今自分がやっていることを振り返ると、自分の家族がやっていたことにつながっているなと思いました。祖父は町長だったので、自分のまちでどうやってまちづくりをしていくのか、決める役目がありました。私がまちづくりに関わっているのは、もしかしたら祖父の血を受け継いでいるからかもしれません。
それに私が子どもの頃、祖母と母は英語の先生をしていました。その頃は英語教室というのは珍しかったので、夕方の時間になると私の家に毎日のように子どもが集まっていました。その風景が心の奥底にあって、いつか私も子どもが集まる場所をつくりたいと思いました。
家族がやっていたようなことを、今自分もやっている。家族のいい部分を引き継いでいると、大人になってから改めて思い、家族に感謝をしています。
地元はまちづくりのきっかけになった大切な場所
お金には代えられない価値がある
わー:
まちづくりの仕事は、今の子どもにもおすすめできますか?
おすすめできます。すごく楽しいです。
大きな会社に勤めている人も社会の力になっているし、おもしろいことをやっていると思う。でも個人や小さな団体でも、自分のやりたいことを、しかも社会にとっていいことをやっていこうという考えを持っている人が、私の周りに増えています。私は今33歳なんですが、特に同じ年代の人たちが多いですね。
これからの時代、お金には換えられない価値が、どんどん大事になっていくんじゃないかな。場所も、人も、ものも、みんなでシェアして、みんなで価値を共有していく。お金だけでは図れないところにやりがいを見いだしたり、自分で挑戦してみたいと思ったりする人が増えていくと思います。
2人が就職する年齢になったとき、まちづくりに関わる仕事は増えていくだろうし、注目されていくんじゃないかな。
価値=どれほどすばらしいか、またどれくらい大切かということ
シェア=分け合うこと
虹太:
これからやっていきたいことは何ですか?
自分の子どもが楽しく生きられる世界をつくりたいです。新宿区に住んでいる人間として、周辺のまちや人を巻き込んで、新宿を元気にしていくのが今後の目標ですね。
コロナ禍になってしまったことは、まちづくりの活動においてもインパクトがありました。2年前にはできていたことが、全然できなくなっちゃった。みちくさくらすも、コロナ禍の前ほどイベントができていません。

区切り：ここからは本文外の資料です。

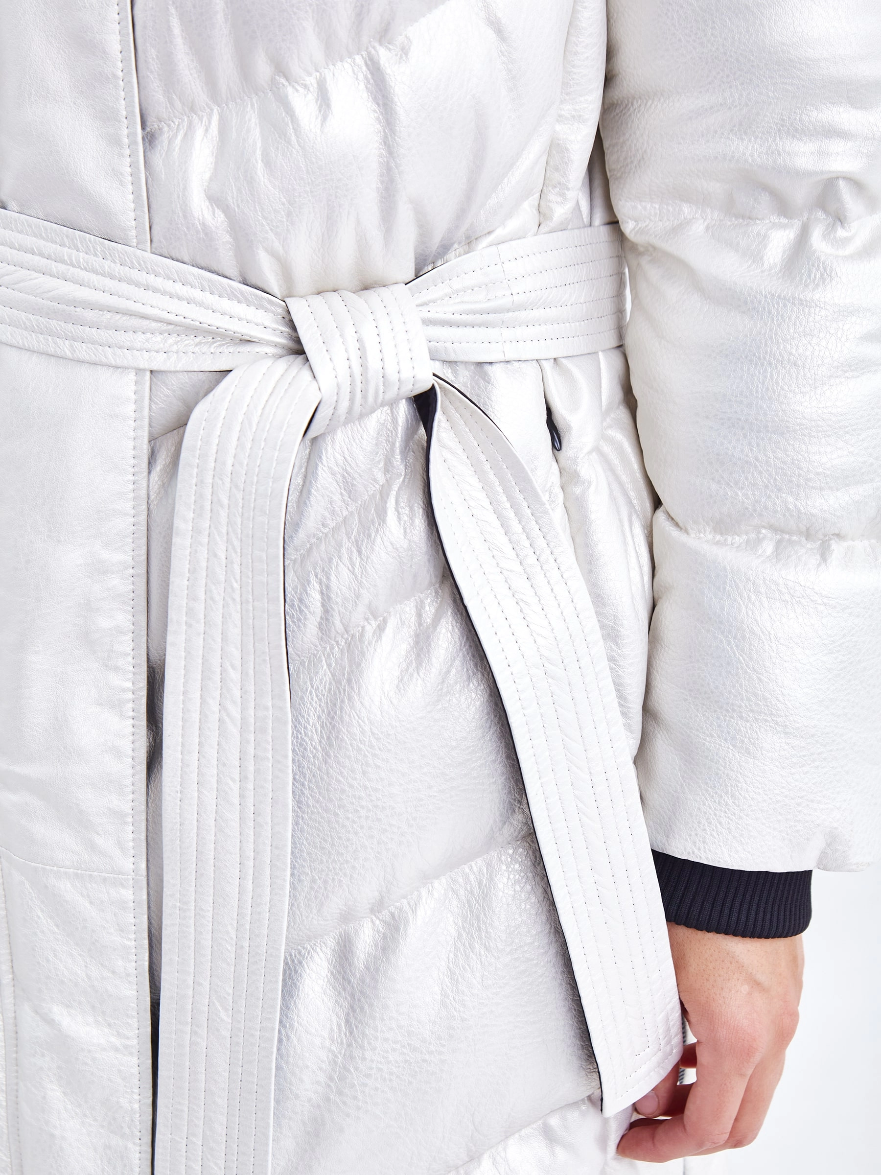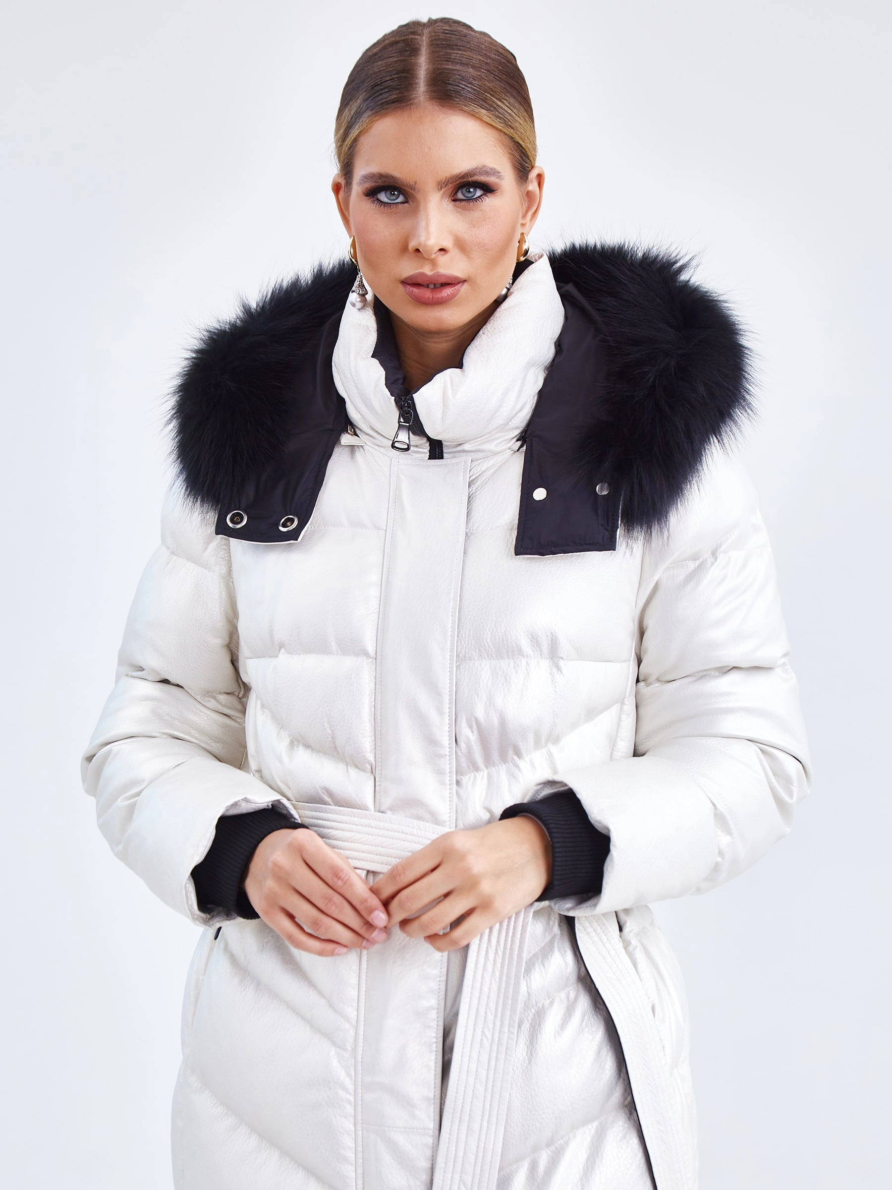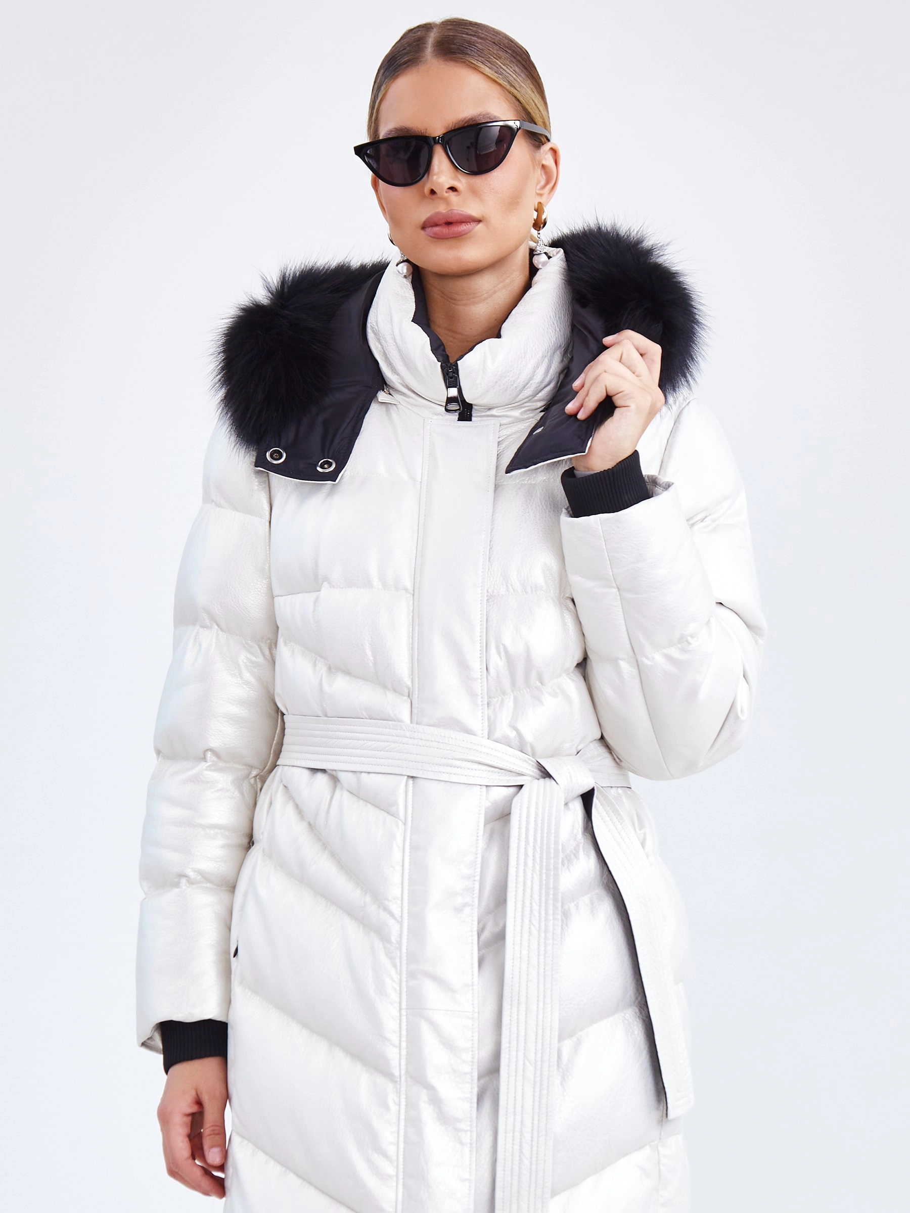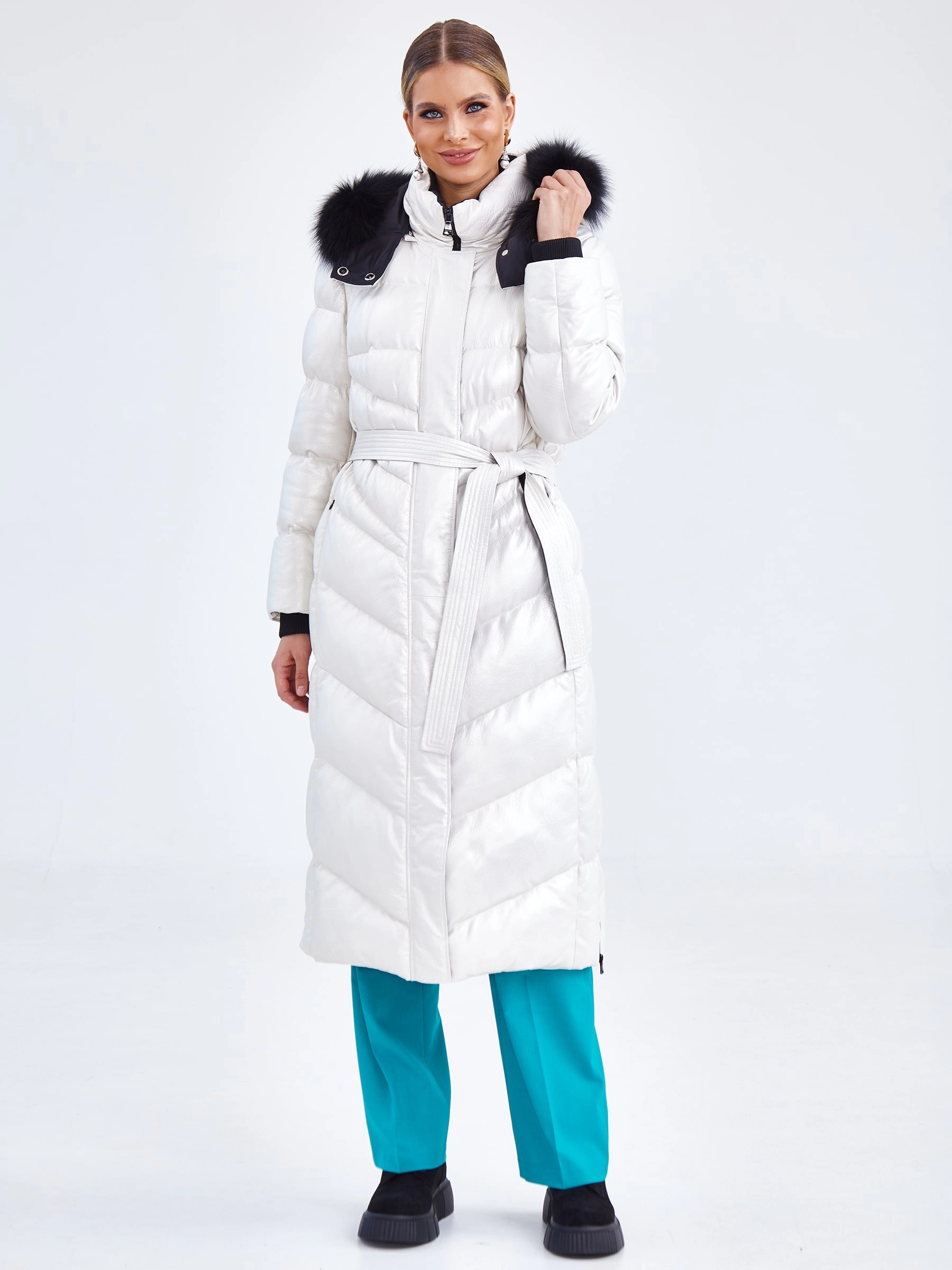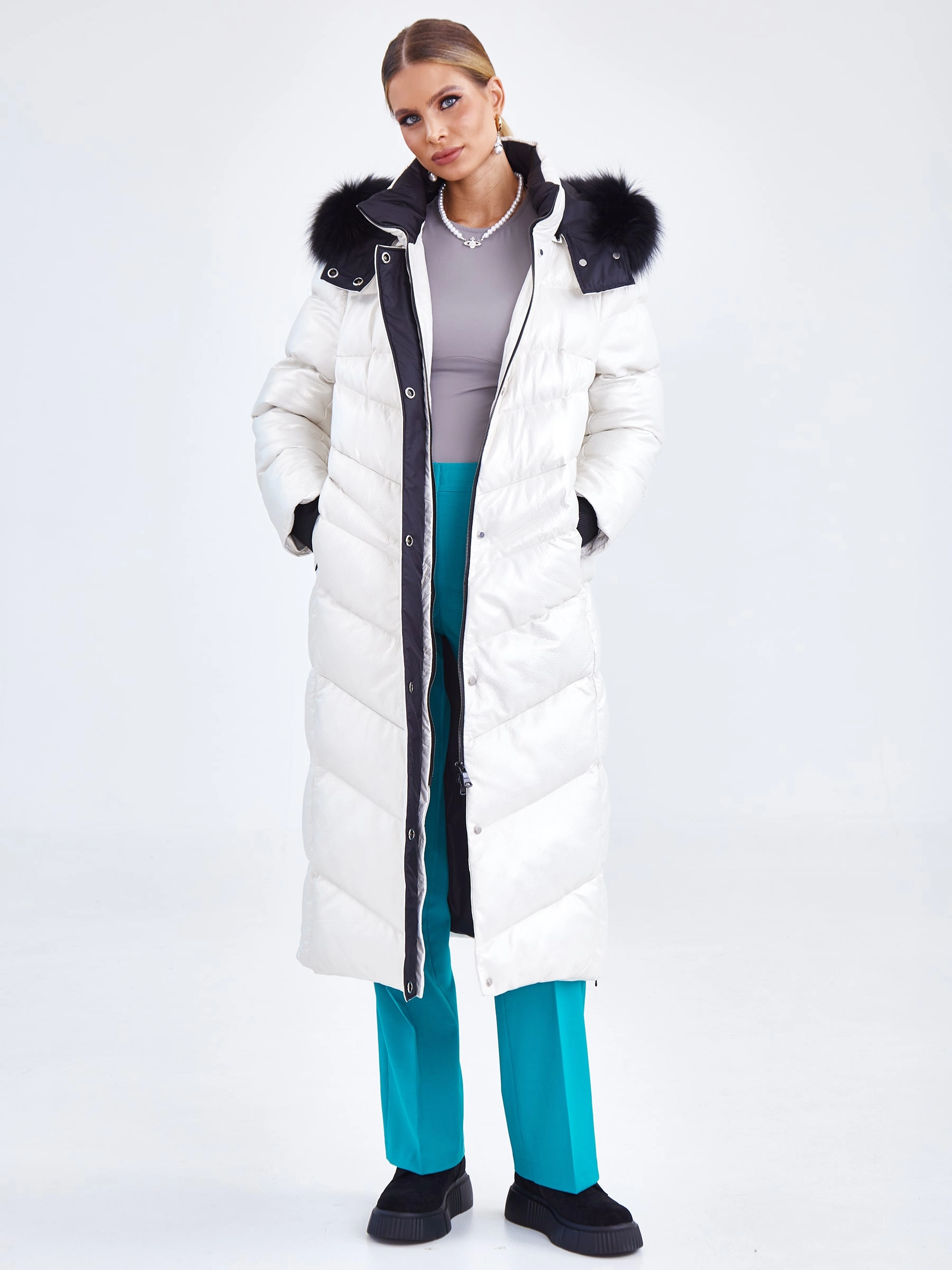 Белоснежное пальто-пуховик длиной более 90 см, сшитое из зернистой кожи с мягким перламутровым блеском, создаёт образ зимней сказки — словно искрящийся на солнце снег. Модель прямого кроя подчеркивает элегантность силуэта, а её функциональность продумана до мелочей: надёжная застёжка-молния, практичные боковые разрезы на молниях для удобства движения и, конечно, роскошный глубокий капюшон, декорированный пушистым натуральным мехом песца. Внутреннее наполнение обеспечивает идеальный микроклимат: подкладка из 100% полиэстера приятна к телу, а высокоэффективный утеплитель — немецкий синтепон Freudenberg — гарантирует тепло, воздухопроницаемость и лёгкость даже в морозные дни. Совет стилиста: Это пальто самодостаточно, поэтому выбирайте лаконичные сочетания. Носите его с монохромной базой глубоких тонов — тёмно-синими, графитовыми или чёрными брюками, платьем-футляром или водолазкой и джинсами скинни. Высокие сапоги-ботфорты или лаконичные ботильоны на каблуке завершат образ. Мех на капюшоне — уже яркий акцент, о

いろんなことを考えると、物事はなかなか進みません。感染が広がってもいけないし、思うように活動ができてない部分もありました。今後も新型コロナウィルスのような感染症と付き合いながら、生活していくことになるんでしょうけどね。
虹太:
そうだと思います。
今、愛知と茨城にいる2人と話せているのは、Zoomがあるおかげです。コロナ禍になって、オンラインでできることの幅が広がったと思うので、それはすごくいいことだと思います。
でも対面で会って話をすることや、集まって活動することの楽しさや価値は、今後も絶対にあるはず。会ってコミュニケーションをとることで生まれる価値を大事にしながら、活動を続けていきたいです。
わー:
楽しく生きられる世界をつくりたいって、具体的にどんな世界にしたいですか?
保育園や学童の人数がいっぱいで、なかなか入れないという話をしましたね。さらに新型コロナウィルスの影響で学校が休校になったり、イベントがなくなったりと、今の子どもは社会の影響を強く受けてしまっていると思うんです。私は、この状況を何とかしたい。
東京都内にはいろんな人が住んでいます。マンションの隣の部屋に住んでいる人を知らないこともある。
また、電車でも心配なことがあります。小さい子どもは、まだ上手にお話ができません。泣いたり大きな声を出したりして、自分の気持ちを伝えます。でも周りの人にはそれがうるさく感じられることも。だから、子どもを連れて電車に乗るだけで、迷惑そうに冷たい目で見られることもあります。
親だけで子育てをしなくちゃいけない世の中だと、子どもも生きづらいんじゃないかな。
もっとまち全体で、子どもを育てる意識を持てるといいですね。まちの人、一人ひとりが「まちをよくしていこう」「子どもを見守ろう」という意識を持ったら、きっと犯罪も減ると思います。
うちの子どもは、わーちゃんと虹太くんと年齢が近いので、2人にとっても楽しく生きられる世界にしたいな。
わー:
なるほど。
まちに顔見知りの人がたくさんいると、子どもも安心できるし、毎日が楽しくなると思うんですよ。だから、まち全体で子どもを育てるのが当たり前で、今よりも子どもがいろんな大人と関われる世の中になったらいいなと思います。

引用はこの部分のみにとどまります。